WORK ITEM:
What is needed is an exact reproduction of the lines in the records below, starting at the line with "85頭釉中彩海底世界,一個(gè)湯煲,一個(gè)飯勺" and ending at the line with "栃木県教育委員会のサイトの画", both included, and nothing else; pictures stay out.

RECORDED DATA:
......

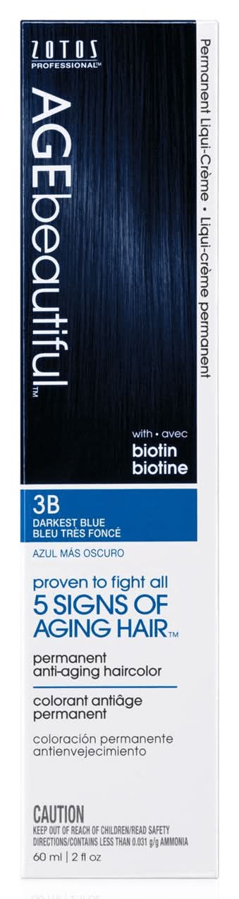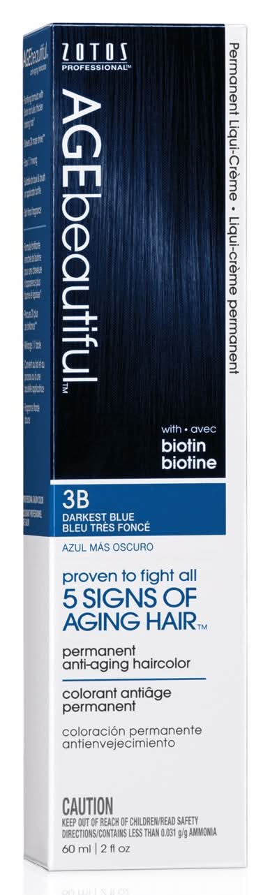 As we age, our hair experiences five signs of aging. It loses volume, manageability, color, moisture and shine. AGEbeautiful Anti-Aging Permanent Liqui-Creme Hair Color, now with Biotin, is the first permanent liqui-creme color developed to fight all five signs of aging hair. AGEbeautiful is our professional hair color formula with Biotin, melanin, keratin peptide, silk protein and a patented conditioning technology to replenish hair with the essential components that are lost with aging. The unique formula penetrates deeply and absorbs quickly to cover gray 100% and deliver beautiful, rich color that lasts for up to 8 weeks. AGEbeautiful Permanent Liqui-Creme Hair Color helps to nourish and fortify the fibers for fuller, thicker and healthier looking hair*. Hair will instantly feel softer and more manageable. Delivers 2X more shine**. *when used as directed **versus untreated hair ZOTOS PROFESSIONAL CONTACT INFORMATION Our Zotos Professional Stylists are currently available to answer product and technical questions as well as provide personal hair recommendations for our hair color, hair care, styling and perm collections. CALL OR TEXT US: 1-800-242-9283 9:00am – 8:00pm ET Monday through Friday LIVE CHAT US: visit zotosprofessional.com 9:00am – 8:00pm ET Monday through Saturday 12:00pm – 5:00 pm ET Sunday EMAIL US: visit zotosprofessional.com • Pack size: 2 • Color: 3b darkest blue • Size: 2
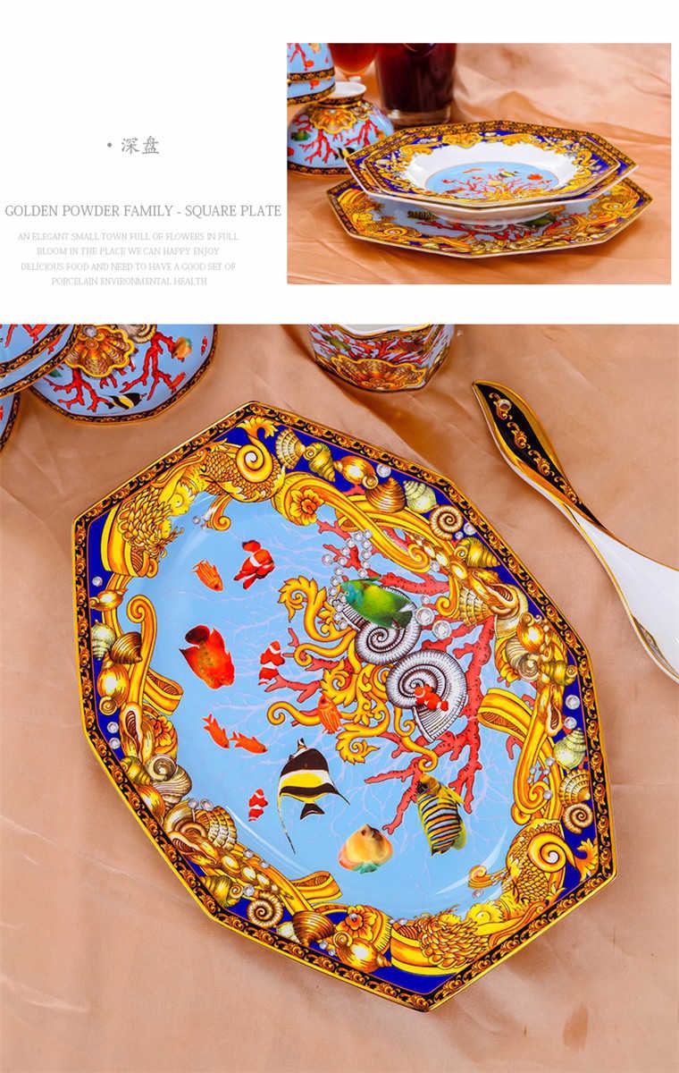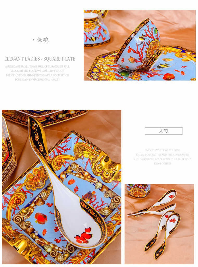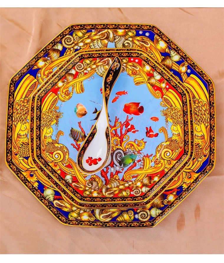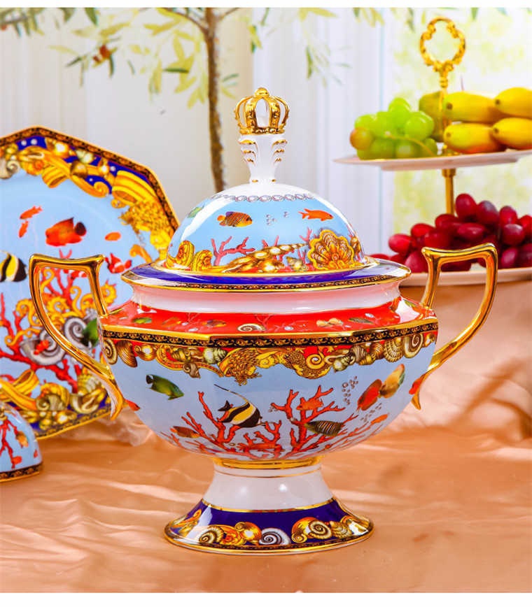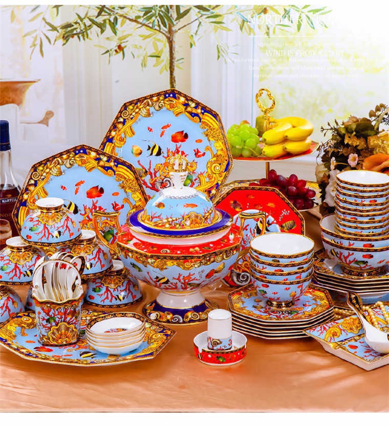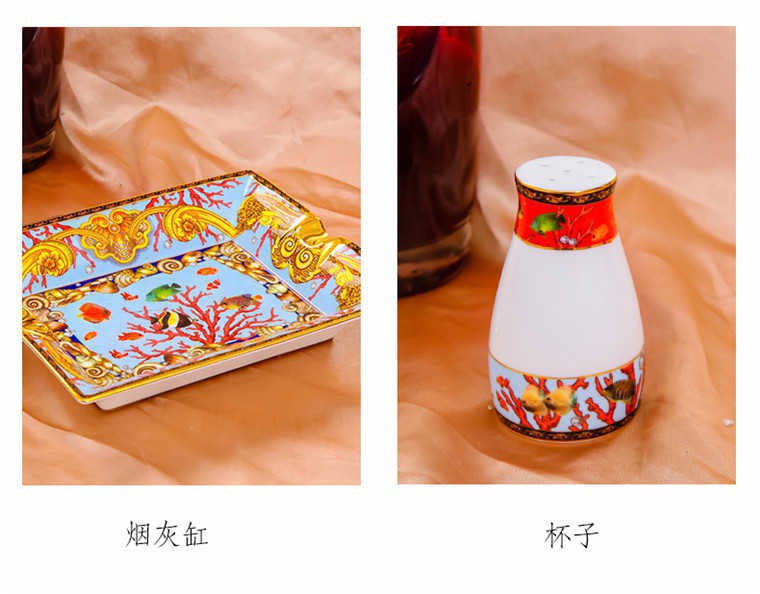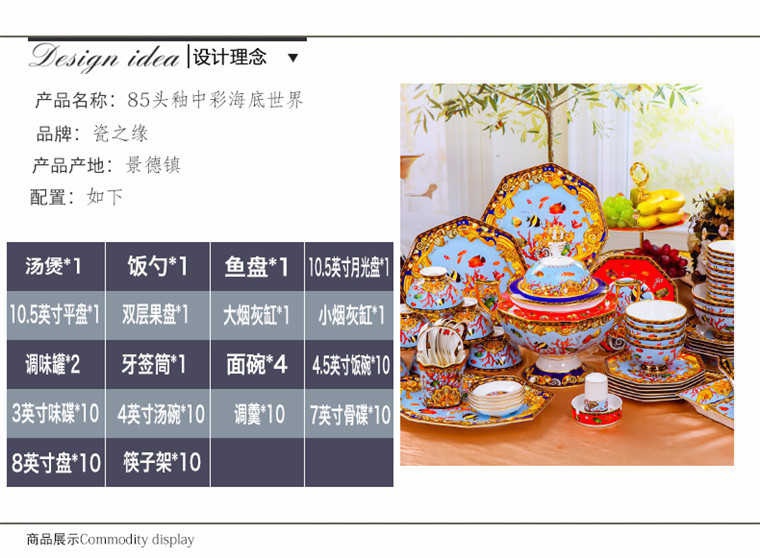85頭釉中彩海底世界,一個(gè)湯煲,一個(gè)飯勺,一個(gè)魚盤,一個(gè)10.5寸平盤,一個(gè)10.5寸月光盤,雙層果盤一個(gè),一個(gè)大煙缸,一個(gè)小煙缸,二個(gè)調(diào)料罐,一個(gè)牙簽筒,四個(gè)面碗,十個(gè)4.5寸飯碗,十個(gè)三寸調(diào)味碟,十個(gè)4寸湯碗,十個(gè)調(diào)羹,十個(gè)7寸骨碟,十個(gè)八寸盤,十個(gè)筷子架。
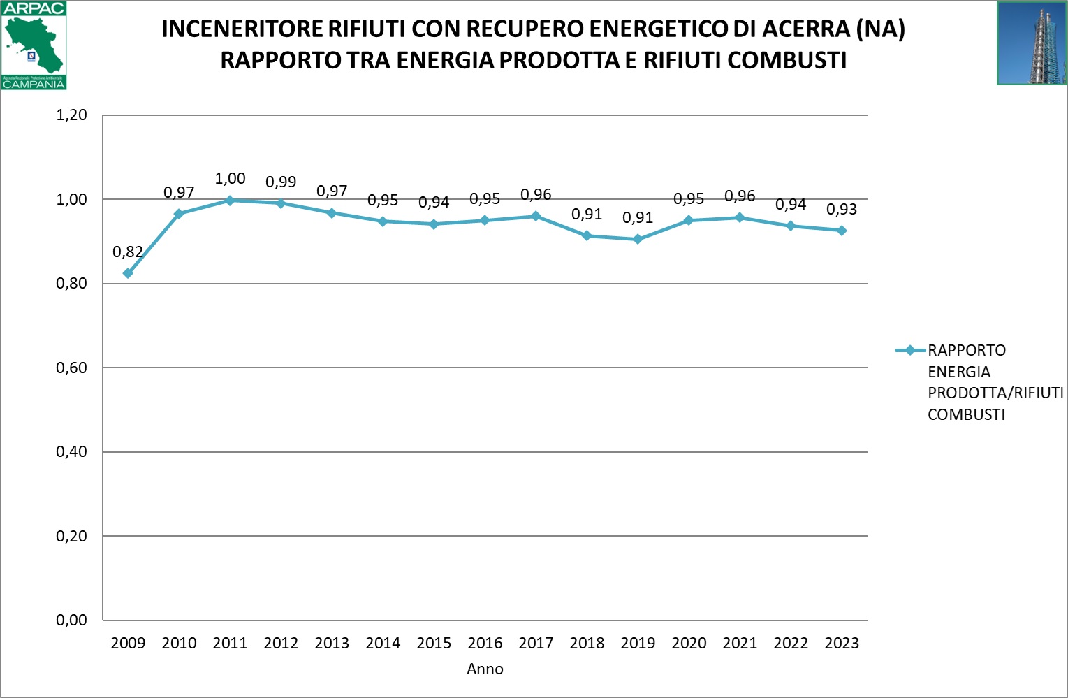 Presso l’Inceneritore di Acerra a partire dal 2009 e fino al 2023 (ultimo dato disponibile periodicamente oggetto di aggiornamento), dall’analisi dei dati disponibili, forniti dalla Sezione Regionale del Catasto Rifiuti dell’ARPAC, sulla base dell’analisi dei dati provenienti sia dai Modelli Unici di Dichiarazione (MUD) sia dall’Osservatorio Rifiuti SOvraregionale (ORSO), si evince come, in circa 14 anni di attività l’impianto ha bruciato 9.827.192 tonnellate di rifiuti, producendo oltre 9 milioni di MW/h di energia elettrica. Questo è avvenuto con un rapporto tra energia prodotta (MWh) e rifiuti combusti (Tonnellate) quasi costantemente superiore a 0,90 (con una media di 0,95) e molto prossimo all’unità in termini di recupero energetico. A titolo semplificativo basti pensare che per produrre 1 Kw/h di energia elettrica è stato necessario bruciare mediamente circa 1 Kg di rifiuti. Di seguito nei grafici n.1 e n.2 sono evidenziati chiaramente tali dati.
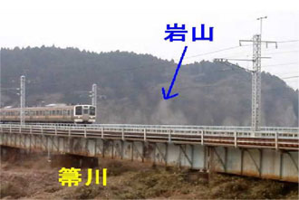 栃木県教育委員会のサイトの画像にも,なだれの跡らしいものがはっきり現れている(図30)。確かに大田原市野崎(宇都宮線のトンネル)付近に行くと,複数の岩山を見ることができる(図31)。それらはなだれの痕跡に見える。そしてこれらは那須野が原の西側の“壁”を構成している。
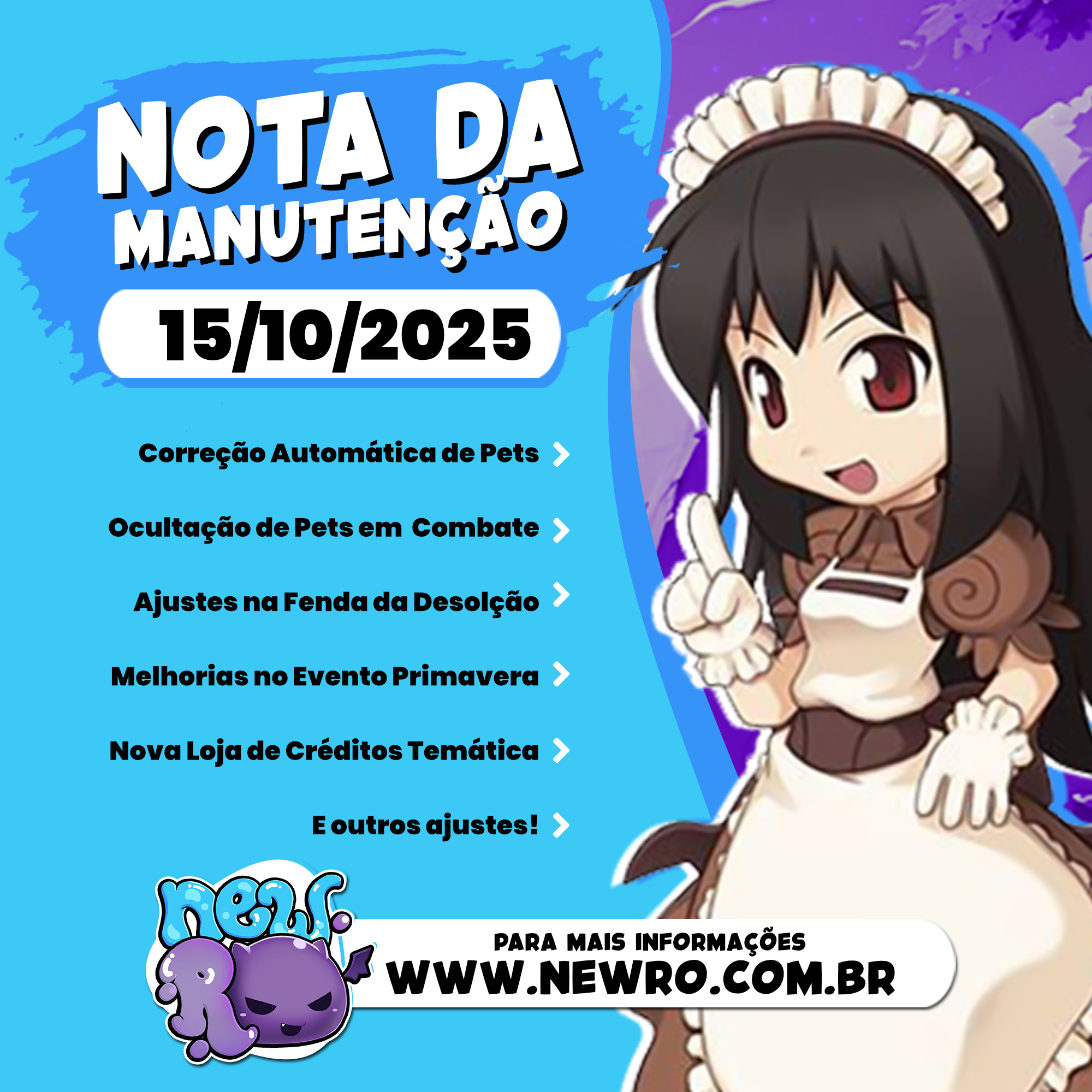 Administrador ADM New Posted October 15 Administrador Report Share Posted October 15 Olá galera do NewRO, tudo certo? Quarta-feira chegou com uma manutenção que corrige e facilita vários aspectos do jogo, além de novos itens para vocês. Confiram tudo abaixo. Correção Automática de Pets com Problema de Incubação Implementamos uma correção automática que resolve o problema de pets que anteriormente não podiam ser chocados corretamente ao utilizar a incubadora. Agora, todos os pets afetados por esse bug serão automaticamente corrigidos ao tentar chocá-los, garantindo que você possa desfrutar de seus companheiros sem frustrações. Ocultação Inteligente de Pets em Zonas de Combate Para melhorar a performance e visibilidade durante batalhas intensas, pets agora são automaticamente ocultados ao entrar em áreas PvP e GvG. Importante: seus atributos e bônus continuam 100% ativos - apenas o modelo visual é temporariamente removido para reduzir a poluição visual em combate. Ajustes nas Taxas de Drop da Fenda da Desolação Após análise do feedback da comunidade, facilitamos significativamente as taxas de drop das Cartas A e Carta P na instância Fenda da Desolação. Esses ajustes tornam a progressão mais fluida e recompensadora para jogadores que estão farmando esses itens essenciais. Evento de Primavera 2025 - Melhorias Substanciais Triplicação das Recompensas de Missão Diária A missão diária "Primavera Grandiosa" agora recompensa 3 unidades ao invés de apenas 1. Essa mudança representa um aumento de 300% nas recompensas, permitindo que jogadores casuais também possam aproveitar melhor o evento sem precisar dedicar tempo excessivo. Dobro de Flores Glaciais no Jardim Congelado Cada conclusão da instância Jardim Congelado agora concede 2 Flores Glaciais ao invés de 1. Combinado com as outras mudanças, isso facilita consideravelmente o farm dos itens exclusivos do evento. Nova Loja de Créditos Temática Inauguramos uma loja especial de Créditos contendo diversos itens temáticos de Primavera, oferecendo mais opções de obtenção para jogadores que preferem rotas alternativas de progressão. Novo Conteúdo End-Game Novas Asas com função de tanques especialmente desenvolvidas para builds de tanque no conteúdo end-game. Essas asas oferecem atributos otimizados para maximizar a sobrevivência e utilidade em competições. Caixa da Instância Jardim Congelado Concede prêmios da Instância Jardim Congelado quando aberta Caixa da Raide Kades Concede prêmios da Raide Kades 2025 quando aberta Caixa da Raide Gioia Concede prêmios da Raide Gioia 2025 quando aberta Caixa da Raide Ktullanux Concede prêmios da Raide Ktullanux 2025 quando aberta Pet Sproutring Aumenta a chance de drop das Raides Primavera 2025 em 100% Pet Jack Halloween Aumenta a chance de drop das Raides Primavera 2025 em 100% Asas Divinas Adicionado em seus 9 elementos Elmo Nokken Asas Nokken Chamas Nokken Ajuste na fabricação de itens Mid-game e Early-Game na Loja Como parte de nossa iniciativa de tornar o conteúdo early-game mais acessível, reduzimos a quantidade de cartas da Fenda da Desolação necessárias para craftar alguns itens que consideramos itens de progressão inicial. Feedbacks Estas mudanças refletem nosso compromisso contínuo em melhorar a experiência de jogo baseando-nos no feedback da comunidade. O foco principal desta atualização foi facilitar a progressão durante o evento de Primavera 2025. Agradecemos a paciência e os reports detalhados que tornaram essas correções possíveis! Atenciosamente, NewRO. 1 1 1 Quote Link to comment Share on other sites More sharing options...
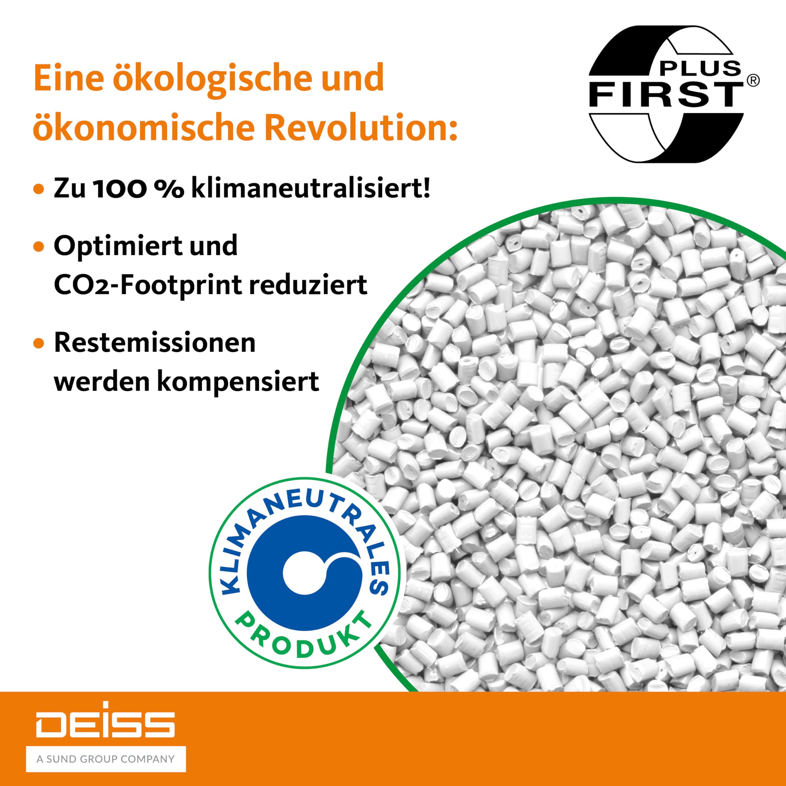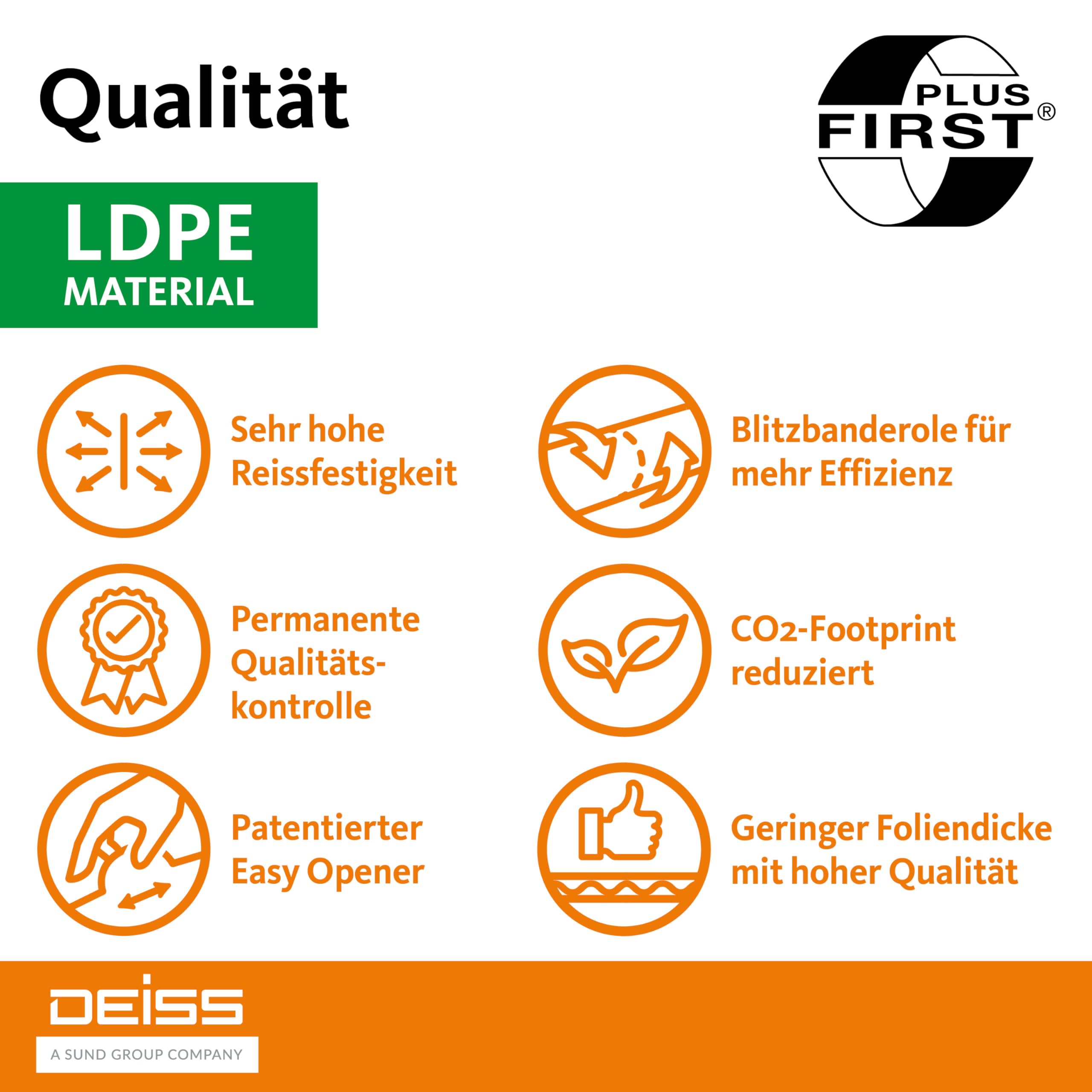 Die FIRST PLUS PE-LD-Folie ist dickenreduziert. Sie überzeugt dennoch durch einen hohen Dart-Drop-Wert, der ihre sehr gute Durchstoßfestigkeit bestätigt. In der Anwendung hat sie die gleichen technischen Vorteile wie eine herkömmliche PE-LD Folie. Dies sorgt für vielfältige und leichte Handhabung. Der mit der Dickenreduzierung verbundene niedrigere Rohstoffbedarf, das geringere Rollengewicht, die Senkung der Transportkosten und des CO2-Ausstoßes sorgen in vielfacher Hinsicht für eine nachhaltige Wirkung auf unsere Umwelt. FIRST PLUS Müllbeutel bieten außerdem mit ihren technischen Vorteilen, der besonders schnell zu öffnenden Banderole und dem patentierten Easy Opener, entscheidende Vorteile bei der Anwendung. Sie sind Ihr Innovations-PLUS für Sicherheit und Effizienz im täglichen Einsatz.

......

ANSWER TO THIS TASK:
85頭釉中彩海底世界,一個(gè)湯煲,一個(gè)飯勺,一個(gè)魚盤,一個(gè)10.5寸平盤,一個(gè)10.5寸月光盤,雙層果盤一個(gè),一個(gè)大煙缸,一個(gè)小煙缸,二個(gè)調(diào)料罐,一個(gè)牙簽筒,四個(gè)面碗,十個(gè)4.5寸飯碗,十個(gè)三寸調(diào)味碟,十個(gè)4寸湯碗,十個(gè)調(diào)羹,十個(gè)7寸骨碟,十個(gè)八寸盤,十個(gè)筷子架。
 Presso l’Inceneritore di Acerra a partire dal 2009 e fino al 2023 (ultimo dato disponibile periodicamente oggetto di aggiornamento), dall’analisi dei dati disponibili, forniti dalla Sezione Regionale del Catasto Rifiuti dell’ARPAC, sulla base dell’analisi dei dati provenienti sia dai Modelli Unici di Dichiarazione (MUD) sia dall’Osservatorio Rifiuti SOvraregionale (ORSO), si evince come, in circa 14 anni di attività l’impianto ha bruciato 9.827.192 tonnellate di rifiuti, producendo oltre 9 milioni di MW/h di energia elettrica. Questo è avvenuto con un rapporto tra energia prodotta (MWh) e rifiuti combusti (Tonnellate) quasi costantemente superiore a 0,90 (con una media di 0,95) e molto prossimo all’unità in termini di recupero energetico. A titolo semplificativo basti pensare che per produrre 1 Kw/h di energia elettrica è stato necessario bruciare mediamente circa 1 Kg di rifiuti. Di seguito nei grafici n.1 e n.2 sono evidenziati chiaramente tali dati.
 栃木県教育委員会のサイトの画像にも,なだれの跡らしいものがはっきり現れている(図30)。確かに大田原市野崎(宇都宮線のトンネル)付近に行くと,複数の岩山を見ることができる(図31)。それらはなだれの痕跡に見える。そしてこれらは那須野が原の西側の“壁”を構成している。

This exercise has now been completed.